Wednesday newspaper share tips: Lloyds, Premier Foods

By

Sharecast News | 18 May, 2016

Updated : 13:48

UK’s big banks are at a nadir in their fortunes and yet to enjoy a sustained uplift in their business, albeit with fundamentals beginning to turn north, says the Financial Times’ Lex column.

Mortgage, credit card and personal lending all turned a corner in 2014, and in 2015 both Lloyds Banking Group and Barclays booked pre-tax net profits on retail banking of about 1.1% of assets.

“Returns a decade earlier were 50 basis points higher,” the column noted. On £300bn of assets each, a sortie back to such heady returns would produce £3bn more profit for just these two banks.
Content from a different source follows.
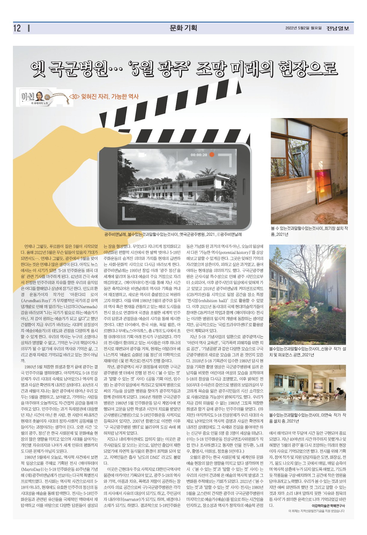 À̰÷Àº ±ÙÇö´ë»ç ÁÖ¿ä »çÀûÁö·Î ´ëÇѹα¹¿ª»ç¹Ú¹°°ü¿¡ ¾ÆÄ«ÀÌºê ±â·ÏµÇ¾î ÀÖ°í, ±¤ÁÖ 5.18ÀÇ ¿ª»ç¿Í ±â¾ï, ¾ÆÇİú Ä¡À¯, Æø·Â°ú ÀúÇ×ÀÌ °øÁ¸ÇÏ´Â Àå¼ÒÀÌÀÚ ÀÇ·á °ø°£À¸·Î½á ±¸)±¹±º±¤ÁÖº´¿øÀº °¢°¢ÀÇ ¼»ç¿¡¼ »çÀ¯ÀÇ ´ë»óÀÌ µÇ±âµµ Çϰí, ÁÖÀΰøÀÌÀÚ ³»·¯ÀÌÅÍ(narrator)°¡ µÇ±âµµ Çϸç, ¹è°æÀ̳ª ¼ÒÀç°¡ µÇ±âµµ ÇÏ¿´´Ù. °á°úÀûÀ¸·Î 5.18¹ÎÁÖȿÀº ±â³äÈ µÈ °ú°ÅÀÇ ¿ª»ç°¡ ¾Æ´Ñ, ¿À´ÃÀÇ Àϻ󿡼 ´Ù¸¥ '°¡´ÉÇÑ ¿ª»ç(potential history)'¸¦ »ó»óÇØº¸°í ¸»ÇÒ ¼ö ÀÖ°Ô²û ÇÑ´Ù. ±×°÷Àº ÀØÇôÁø ±â¾ïÀÇ ÀÚ¸®¿´À¸¸ç »óÈçÀÌÀÚ, ÇÇÇÏ°í ½ÍÀº °ú°Å¿´°í, Ç®¾î¾ßÇÏ´Â ÇöÀ缺À» ÀǹÌÇϱ⵵ Çß´Ù. ±¸±¹±º±¤ÁÖº´¿ø´Â ±º»ç½Ã¼³ Ư¼ö¼ºÀ¸·Î ÀÎÇØ ±¤ÁÖ ½Ã¹ÎÀ¸·ÎºÎÅÍ ¼Ò¿ÜµÇ¾î, ÀÌÈÄ ±¤ÁֽùÎÀÇ Àϻ󿡼 ÀØÇôÁ® °¡°í ÀÖ¾ú°í 2018³â ±¤ÁÖºñ¿£³¯·¹ Ä¿¹Ì¼ÇÇÁ·ÎÁ§Æ®(GBÄ¿¹Ì¼Ç)¸¦ ½ÃÀÛÀ¸·Î ÀÏÁ¤ °ø°£À» Àå¼Ò ƯÁ¤ 'Àü½ÃÀå(exhibition hall)' À¸·Î Ȱ¿ëÇÒ ¼ö ÀÖ¾ú´Ù. ÀÌÈÄ 2021³â µ¿½Ã´ëÀÇ ±¹Á¦ Çö´ë¹Ì¼úÀÛ°¡µéÀÌ Âü¿©ÇÑ GBÄ¿¹Ì¼Ç ÀÛ¾÷°ú ÇÔ²² <¸ÞÀÌÅõµ¥ÀÌ> Àü½Ã´Â ÀÌ·¯ÇÑ º´¿øÀÇ ÀϽÃÀû °³¹æ¿¡ µ¿ÂüÇÏ´Â ¼ÀÀ̾úÁö¸¸, ±Ã±ØÀûÀ¸·Î´Â '±¹¸³ Æ®¶ó¿ì¸¶¼¾ÅÍ'·Î Ȱ¿ë¹æ¾ÈÀÌ °èȹµÇ¾î ÀÖ´Ù. Áö³ 5.18 ±â³ä»ç¾÷ÀÇ ÀÏȯÀ¸·Î ±¤ÁÖ±¤¿ª½Ã´Â '¾î¸°ÀÌ ¿ª»ç ±³À°°ü', '±¹°¡Æø·Â ÇÇÇØÀÚ¸¦ À§ÇÑ Ä¡·á °ø°£', '±â³ä°ø¿ø'°ú °°Àº ´Ù¾çÇÑ ¸ð½ÀÀ¸·Î ±¸±¹±º±¤ÁÖº´¿øÀÇ »õ·Î¿î ¸ð½ÀÀ» ±×·Á ¿Â °ÍÀÎÁö ¸ð¸¥´Ù. 2018³â 5.18 ±â·Ï°üÀÌ ÀÔ¼öÇÑ 1980³â ´ç½Ã ÇöÀåÀ» ±â·ÏÇÑ ÃÔ¿µ ¿µ»óÀº ±¹±º±¤ÁÖº´¿ø¿¡ ½Ç·Á ¿Â ³²ÀÚ¸¦ ºñ·ÔÇÑ ¾î¸°ÀÌ¿Í ¿©¼ºÀÇ ¸ð½ÀÀ» Æ÷ÂøÇϸç 5.18ÀÇ Âü»óÀ» ´Ù½Ã±Ý Á¶¸íÇß°í, ÀÌÈÄ ¹àÇôÁø Àü505ºÎ´ë ¼ö»ç°üÀÇ Áõ¾ðÀ¸·Î º´¿øÀÇ º¸ÀÏ·¯½ÇÀÌ ¹«°íÇÏ°Ô ¸ñ¼ûÀ» ÀÒÀº ±¤ÁֽùεéÀÇ ½Ã½Å ¼Ò°¢ÀåÀ¸·Î »ç¿ëµÇ¾úÀ» °¡´É¼ºÀÌ ¹àÇôÁö±âµµ Çß´Ù. ¿ì¸®°¡ Áö±Ý °¨È÷ ¶°¿Ã¸± ¼ö ¾ø´Â 1980³â ±×Åä·Ï óÂüÇÑ Èñ»ý°ú Ç×°Å ³¡¿¡ ±¤ÁÖ´Â ¹ÎÁÖÁÖÀǸ¦ ¾ò¾ú´Ù. (ÇÏÁö¸¸) ¾ÆÁ÷±îÁöµµ 5.18 Áø»ó¹®Á¦°¡ ¿ì¸® ½Ã´ëÀÇ ¼÷Á¦·Î ³²¾ÆÀÖÀ¸¸ç ¿ª»çÀû Áõ¸í°ú »ç½ÇÀº È®¿¬ÇÏ°Ô ³»·ÁÁø »óÅÂÀÓ¿¡µµ ±× ¼÷Á¦¿Í Áø½ÇÀ» Ç®¾î¾ß¸¸ ÇÏ´Â ½Å±ººÎ Áß¿ä Àι° 5¸í Áß 3¸íÀÌ ¼¼»óÀ» ¶°³µ´Ù. (ÀÌ´Â 5.18 ¹ÎÁÖȿ Áø»ó±Ô¸éÁ¶»çÀ§¿øÈ¸°¡ Á÷Á¢ ¸¸³ª Á¶»çÇϰڴٰí ÅëÁöÇÑ Àι° ÀüµÎȯ, ³ëÅ¿ì, Ȳ¿µ½Ã, ÀÌÈñ¼º, Á¤È£¿ë 5ÀÎÀÌ´Ù.)

Yesterday, the UK government confirmed it plans a retail sale of its remaining 9.2% shareholding in bailed-out Lloyds, returning the shares to the private sector between 2016 and 2017.

Of the UK’s big-four banks, only Lloyds had beaten the FTSE 100 index since 2012. Royal Bank of Scotland, HSBC and Barclays all lagged by 30%-50%.

“There are plenty of reasons why profit and competitiveness may decouple,” said Lex.

“A lack of competition can breed inefficiency, so shareholders never see the profits,” it said, pointing at middlemen (such as overpaid staff) scooping out the benefits instead.

Moreover, externally imposed constraints, such as capital requirements or more compliance spending, could also weigh on returns. It is true that the big-four banks are also continuing to pare bad debts and misconduct fines, these often dating back some years.

Against this backcloth, the Competition and Markets Authority (CMA) claimed to have multiple grounds for its umpteenth banking investigation in recent years – market concentration, bad service and customer neglect.

Yesterday, the CMA proposed banks cap unauthorised overdraft fees and be required to join a price-comparison website. Its proposals – after a 19-month probe, and ignoring calls for a break-up – drew flak from consumer groups and posed questions for investors.

“Shouldn’t a highly consolidated industry that serves customers poorly be rewarding shareholders handsomely?” queried Lex. “UK banking is evidence against.”

Lex further contended that all of this threw the smallness of the CMA’s available remedies into relief.

“Apart from self-determined caps on overdraft charges, most depend on bank customers shedding their habitual torpor and shopping around, in response to yet more information and apps,” said Lex, noting the presence of competition for challenger banks non-bank forms of payment.

“Yesterday’s collective shrug from both complainants and the markets is easy to understand.”

Meantime, Premier Foods is struggling to justify its rebuff of a 65p-a-share takeover tilt from US outfit McCormick after the Mr Kipling owner booked another set of lacklustre full-year results, said The Daily Telegraph's Questor column.

The argument that any offer “substantially undervalues the company and its prospects” was used so often as to be essentially meaningless, Questor said, contending that while it was true there could be some value in Premier, the questions of to whom it accrued was a good deal more opaque.

Premier’s chief executive, Gavin Darby, believed he was justified in rebuffing the McCormick offer, given his recently restructured charge was now on the track to recovery.

The target for sales growth this year and the next had been bumped up to 2%–4%, apparently to prove a point, said Questor, which has a Sell rating on the stock and noted previous attempts to drive 3% sales growth in Premier’s largest eight brands was quit in 2014.

The question for investors was whether or not they might have been better served by accepting the 65p-a-share cash rather than holding on at 40p for the long-awaited recovery, which would have to be achieved against food-price deflation and market distaste for high-sugar processed foods.

“The offer may not come again as Premier Foods has now effectively swallowed a poison pill by signing a relationship agreement with Japan's Nissin Foods." Nissin has taken a 19.9% stake in the company and the right to appoint a non-executive director to the board,” Questor observed.